Кукулькан -- Пернатый Змей

Первая желтая сцена

Желтый занавес цвета зари, волшебного утреннего цвета. Желтый Кукулькан
-- и голова, и руки, и волосы, и ходули, и обувь, и одежда, и маска, и
перья, и браслеты--у желтого занавеса цвета зари. Перед ним Гуакамайо--
разноцветная птица с человека величиной. Кукулькан очень высокий, потому что
стоит на ходулях.
Кукулькан. Я -- как солнце!
Гуакамайо. Квак?
Кукулькан. Я -- как солнце! Гуакамайо. Кваку-квак, квак?
Кукулькан. Я -- как солнце! Гуакамайо. Квак, квак, кваку-квак, квак?
Кукулькан. Я--как солнце!
Гуакамайо. Ты-- солнце, аку-квак. Твой круглый дворец, обитель солнца,
владеет землей, и небом, и морем, и садами, и поутру, и днем, и ночью.
(Медленно, торжественно.) Утром, днем, ночью...
Кукулькан. Я -- как солнце!
Гуакамайо. Аку-квак. ты -- солнце, и твой дворец трехцветен -- он
желтый, как зори, красный, как полдень, и черный, как ночь.
Кукулькан. Я -- как солнце!
Гуакамайо. Ты -- солнце, аку-квак, ты -- солнце! Как солнце, не в силах
вернуться, летишь ты от утра к полудню, от полудня -- к ночи, снова к
утру...
Кукулькан.

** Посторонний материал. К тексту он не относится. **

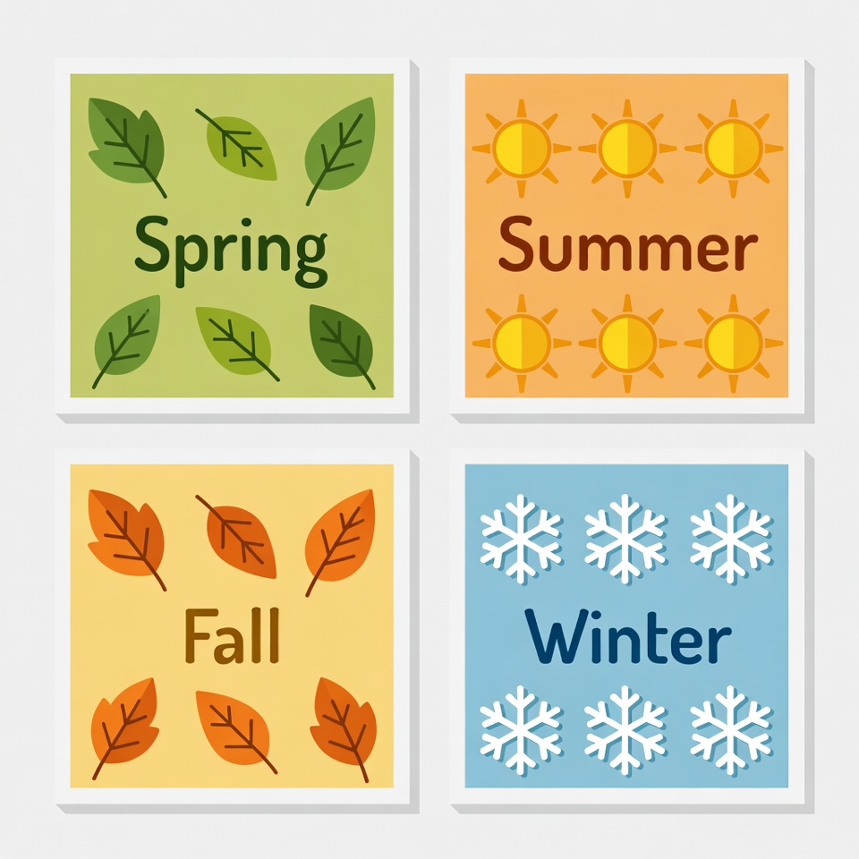 Four square clipart illustrations represent the seasons on an isolated background. Green leaves label Spring, suns label Summer, orange leaves label Fall, and snowflakes label Winter. Each season is depicted in a distinct color scheme with bold text.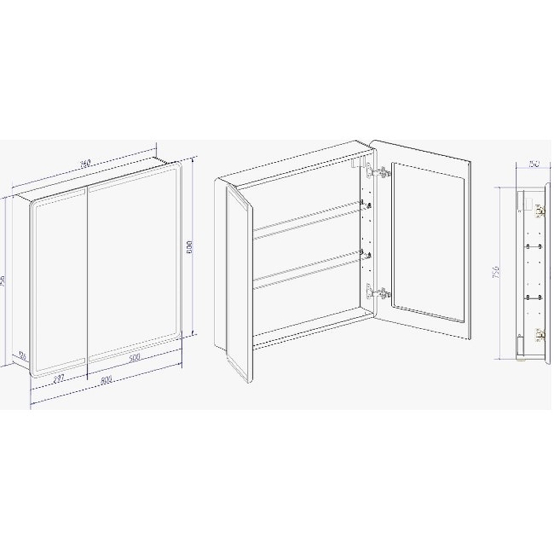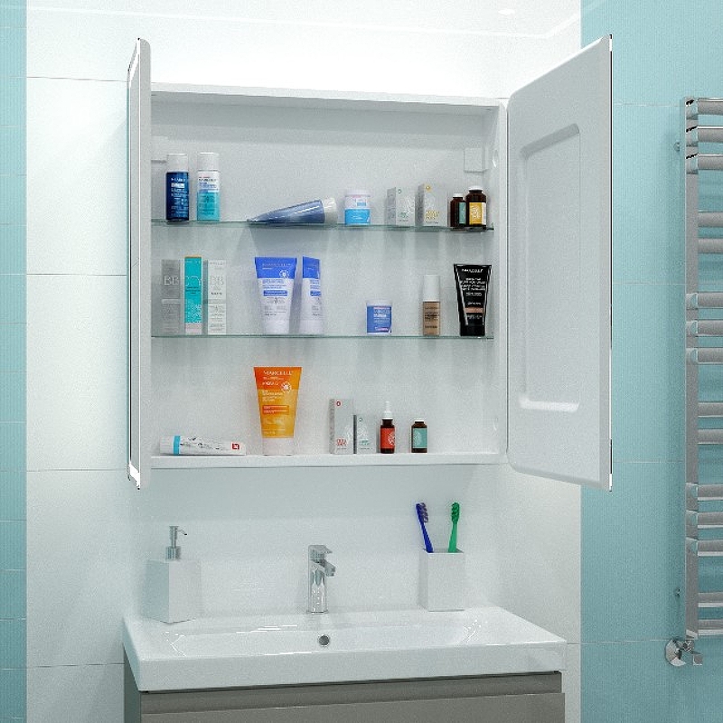 Зеркало-шкаф для ванной комнаты. В комплектацию входит встроенная LED-подсветка, которая обеспечит мягкое и ровное свечение по периметру всего изделия, включается простым взмахом руки. Большим

Я -- как солнце!
Гуакамайо.... от утра к ночи, от ночи к утру, и к ночи, и к утру, и к
ночи, и к утру... (Порхает все быстрее, все легче, и детская его резвость не
вяжется с тяжелым телом.) От утра к ночи, от ночи к утру, и к ночи, и к
утру, и к ночи...
Кукулькан. Я -- как солнце! Я выхожу, словно сутки, в желтом платье,
когда заря еще жаждет, и, не считая золотых жуков в моей влажной, пламенной
гриве, ласкаю блестящие, словно тростник, когти попугаев, белые перья цапель
и клюв птицы Гуакамайо, мерцающий лунным светом...
Гуакамайо (он тихо, бессмысленно бормотал "и к утру, и к ночи", но,
услышав свое имя, заволновался). Квак, квак, квак, квак!
Кукулькан. ... и еще я ласкаю в своем саду, где цветут вулканы,
огненный зоб птицы чорча, рассыпающей на лету золотой дождь, от которого
чихает изумрудами носатый пожиратель желтых нанес...
Гуакамайо (гордо чистит клюв о крыло). Квак, квак, квак, квак, квак,
квак, квак!
Кукулькан. Рано утром, когда земля как закрытая почка и воды еще не
утихли, я, желтый, словно заря, умываюсь в светлых озерах. Словно зеленые
жабы в синих складках, озера трепещут у яшмы прибрежных скал, и в дыханье
воды и камня лучи мои дробятся, сверкающими осами летят к ульям, и я лечу
дальше, не замочив одежды в озере, не опалив ее в улье, и в мое желтое тело
впиваются, ласково и жадно, острые зубы маиса...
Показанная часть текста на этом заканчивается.